4. Composition Writing: Creativity and Structure
For Chinese writing, both models' opening sentences showed striking similarity, suggesting overlapping language patterns. Their essays shared comparable structure—discussing "happiness" from multiple perspectives—with Ernie Bot focusing on personal experiences and Tongyi Qianwen incorporating societal dimensions. Both outputs contained detectable "machine-like" qualities, lacking human flexibility.
On Tongyi Qianwen's writing prompt, Ernie Bot produced an overly academic response, while Tongyi Qianwen crafted a more persuasive argument despite shorter length.
5. Code Generation: Programming Logic
For programming tasks, both models generated similar core code segments, though Ernie Bot omitted variable declarations. When interpreting Tongyi Qianwen's prompt, they produced different solutions—Ernie Bot creating random strings versus Tongyi Qianwen's more context-appropriate random English words.
6. Psychological Counseling: Emotional Intelligence
Both models provided comparable, bullet-pointed advice for adolescent emotional management, suggesting techniques like meditation. Tongyi Qianwen offered more diverse solutions, while Ernie Bot included anxiety etiology explanations.
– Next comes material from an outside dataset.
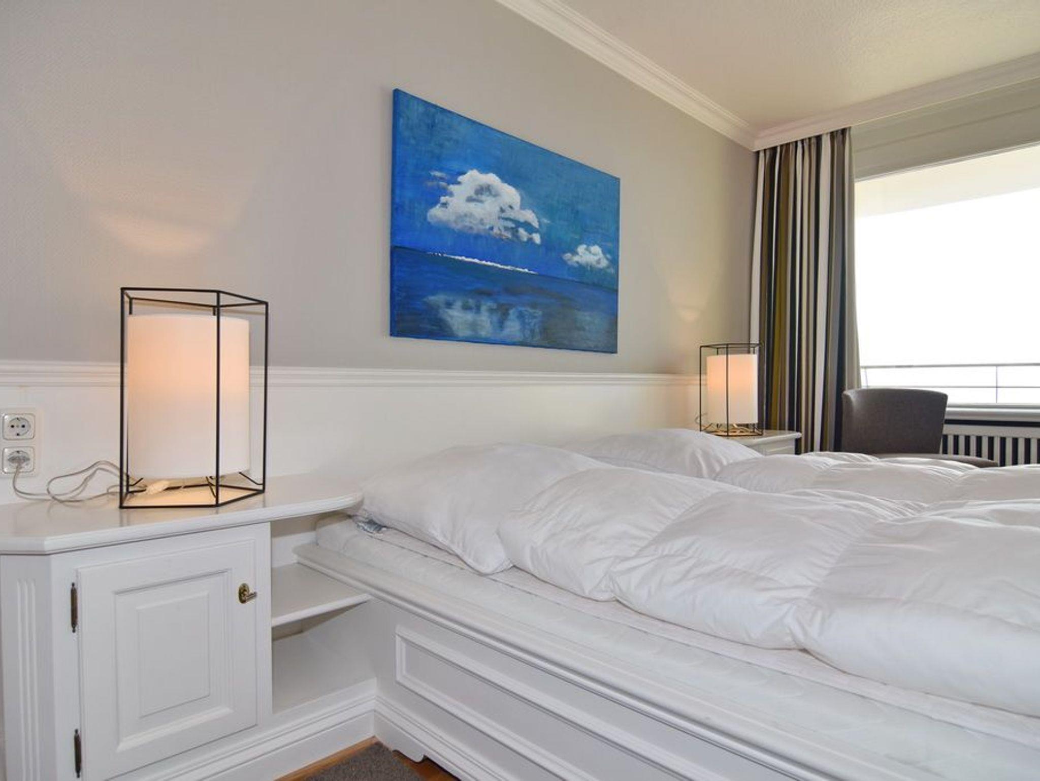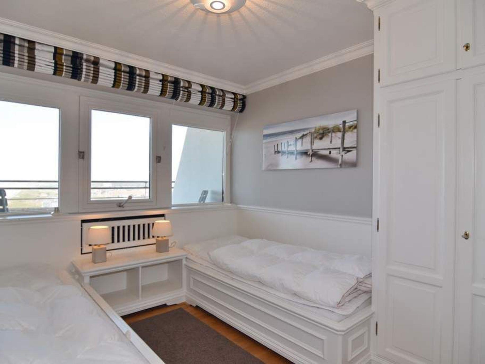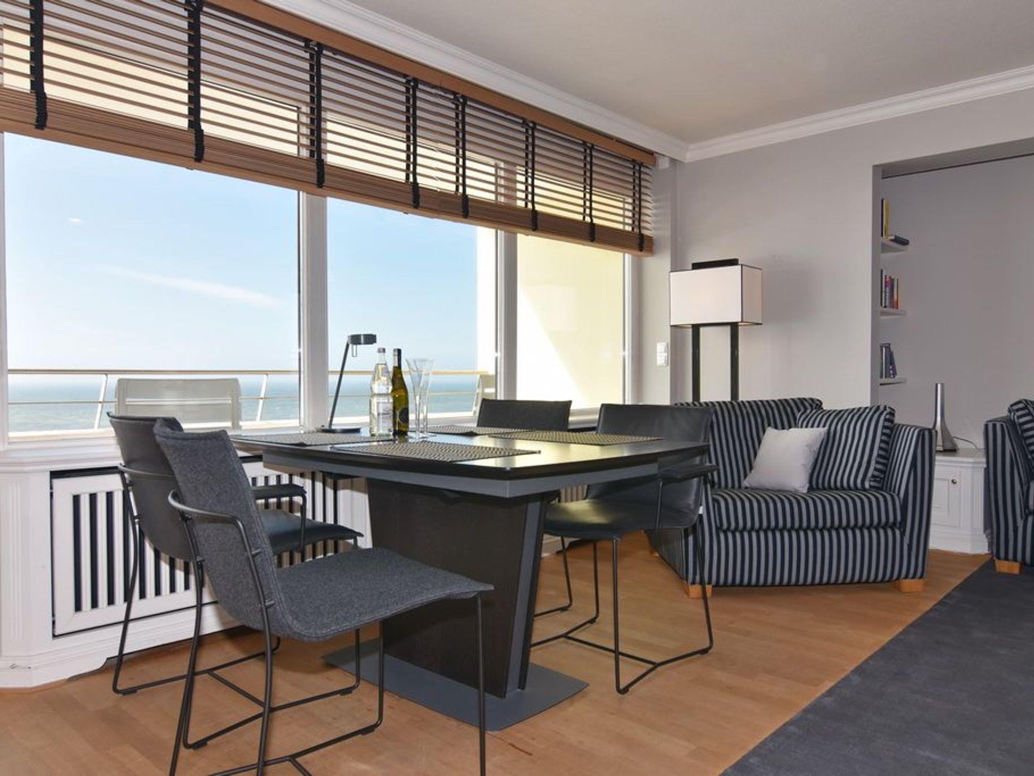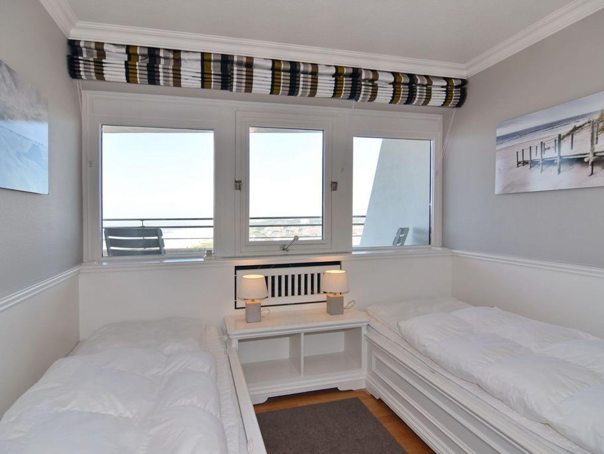 . Exklusive 3-Zimmer-Ferienwohnung im 11. Stock des Haus Metropol. Nichtraucher-Whg.![nbsp][nbsp]Wohnzimmer mit großzügiger Couch und Sessel, Eßplatz am Fenster mit Blick auf das Meer, TV, Radio, WLAN (ohne Gewähr),[nbsp][nbsp]separate Küche mit Geschirrspüler und Backofen. Vom Wohnzimmer gelangen Sie auf den West- und Nordbalkon, beide bieten einen herrlichen Meeresblick. Für die Ruhestunden bietet die Wohnung ein großes Schlafzimmer mit Doppelbett (180x200), Einbauschränken, Flachbild-TV, eigenem Westbalkon mit Meeresblick und Vollbad ensuite. Vom zweiten Schlafzimmer mit 2 Einzelbetten (90x200) und Einbauschrank gelangen Sie über den Flur ins Duschbad/WC. Tierhaltung und Rauchen sind hier nicht gestattet. Der dazugehörige Garagen-Stellplatz (10/T03) kann bei Buchungsabschluss zu € 15,--/Nacht gebucht werden. Waschküche und Fahrradkeller befinden sich im Haus. Bettwäsche und Handtücher sind zur Anreise aufgezogen..

Conclusions and Future Prospects
This evaluation reveals that China's leading AI models remain in early developmental stages for educational applications. Tongyi Qianwen demonstrated stronger question-design specificity, while Ernie Bot emphasized variety. Their strengths varied by subject:
- Translation: Ernie Bot performed slightly better
- Mathematics: Tongyi Qianwen showed superior capability
- Composition: Comparable results with different strengths
- Programming: Both demonstrated basic competency
- Counseling: Both provided detailed, practical guidance
Ernie Bot exhibited more conservative responses with marginally better multi-turn conversation ability, while Tongyi Qianwen responded faster with greater flexibility. Both models require significant improvement in visual content generation.
Current limitations notwithstanding, AI's educational potential appears promising. While Bill Gates predicted AI tutors within 18 months—likely referencing Western models—China's systems may require longer development. Continued advancement suggests increasingly meaningful educational roles for AI technology.